Harper stirred, then hugged me tight, sat up, and glanced around her. "Shit," she said when she saw the lobox. "He's still there."
"Oh, yeah."
"Where are we, Robby?"
"Somewhere in Nebraska."
"What are we going to do?"
"Now, there's a subject Garth and I were just warming up to."
Garth said, "The lobox is only part of the problem, Harper. The police don't seem to be after us; maybe they were called off. If they were after us, there'd have been helicopters with searchlights after the first hour, and we'd be in custody right now. If that was a copter we heard during the night, it was privately owned. It might have belonged to the people Mongo keeps referring to as Zelezian's sponsors. It wasn't really equipped for night flying."
Harper shuddered. "I wish we were in custody."
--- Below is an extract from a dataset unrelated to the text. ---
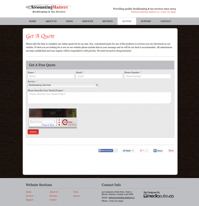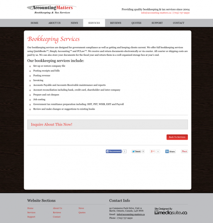 A local small - medium sized business accounting firm with deep roots in Barrie finally decided to get a website to promote the well established company.

"That makes three of us," I said, shielding my eyes against the rising sun as I glanced again toward the northeast. My attention kept wandering back to the grain elevators. "With that lobox trotting along behind us, we'd have the proof we need-and an explanation for two snakebitten gunmen, one squashed Zelezian, and disturbing the peace with a purloined elephant. That's why the cops aren't after us. But, for sure, Luther and the people backing that whole weapons development operation are going to be seriously on our case now that the sun is up. We certainly won't be hard to track, considering the stomped crops and the tons of elephant droppings we've left behind. If they use a plane or helicopter, they'll pick up our trail two minutes after they're in the air."
"Maybe we should start looking for a phone," Harper said, and laughed nervously. "Since we can't get down, we'll ask Mabel to make the call."
"Luther closed down that circus five minutes after we disappeared into the corn field," Garth said, half to himself. He was musing, thinking like the cop he had been for so many years. "Since troopers aren't swarming all over the countryside, Mon-go's right about their being protected by some powerful people. There'll probably be an established escape route for getting Zelezian, his people, and the lobox breeding stock out of the country-probably into Canada by tractor-trailer and then a plane back to Switzerland. Everything else in the circus would be abandoned, the animals left in pens or trucks. The breeding stock may already be on its way to Canada, but Luther and a posse of gunmen will most definitely be searching for us."